» **Prompt**
Copy exactly, and only, the lines between the start of the entries below and the line containing "Semer trop tôt", both inclusive. Omit pictures.

» **The records**
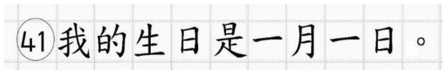
Рис.14. Образец написания иероглифических знаков

иероглифический знак и каждый знак препинания следует писать внутри отдельной клетки области ответов бланка ответов № 2 (дополнительного бланка ответов № 2) (рис. 14).
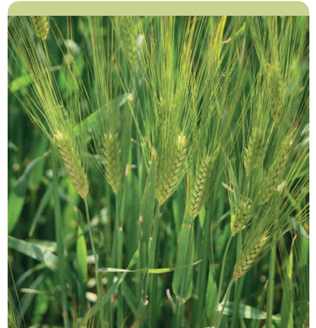
Semer trop tôt l'orge d'hiver peut avoir des effets néfastes : risques parasitaires et risques de gel des jeunes épis à la montaison.

L'orge 6 rangs 1/2 précoce KWS Tonic (Momom) confirme un très bon niveau de productivité. Elle se montre également assez résistante aux maladies foliaires et semble bien se comporter par rapport à la verse. Elle donne cependant des PS parfois un peu décevants.
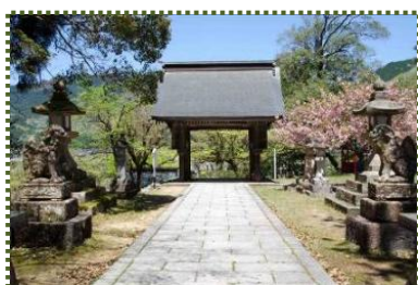
写真-5 養父神社を出発「はっとう・・・」

養父神社から齋神社への巡幸ルートは下図-2の通りです。昔は、2日かかりとはいえ神輿を担いで全行程を歩いたそうですが、やがて地区間の移動は馬を使うようになり、それが人力車に変わり、今では自動車を利用しています。担ぎ手の高齢化、若者の減少による担ぎ手不足も影響しているのでしょうか。
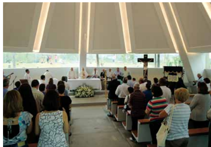
Missa de reinauguração foi celebrada no último dia 1º de novembro

Todos os domingos, às 10h30, há celebração de missa na Capela de Todos os Santos.

» **Completed task**
Рис.14. Образец написания иероглифических знаков

иероглифический знак и каждый знак препинания следует писать внутри отдельной клетки области ответов бланка ответов № 2 (дополнительного бланка ответов № 2) (рис. 14).
Semer trop tôt l'orge d'hiver peut avoir des effets néfastes : risques parasitaires et risques de gel des jeunes épis à la montaison.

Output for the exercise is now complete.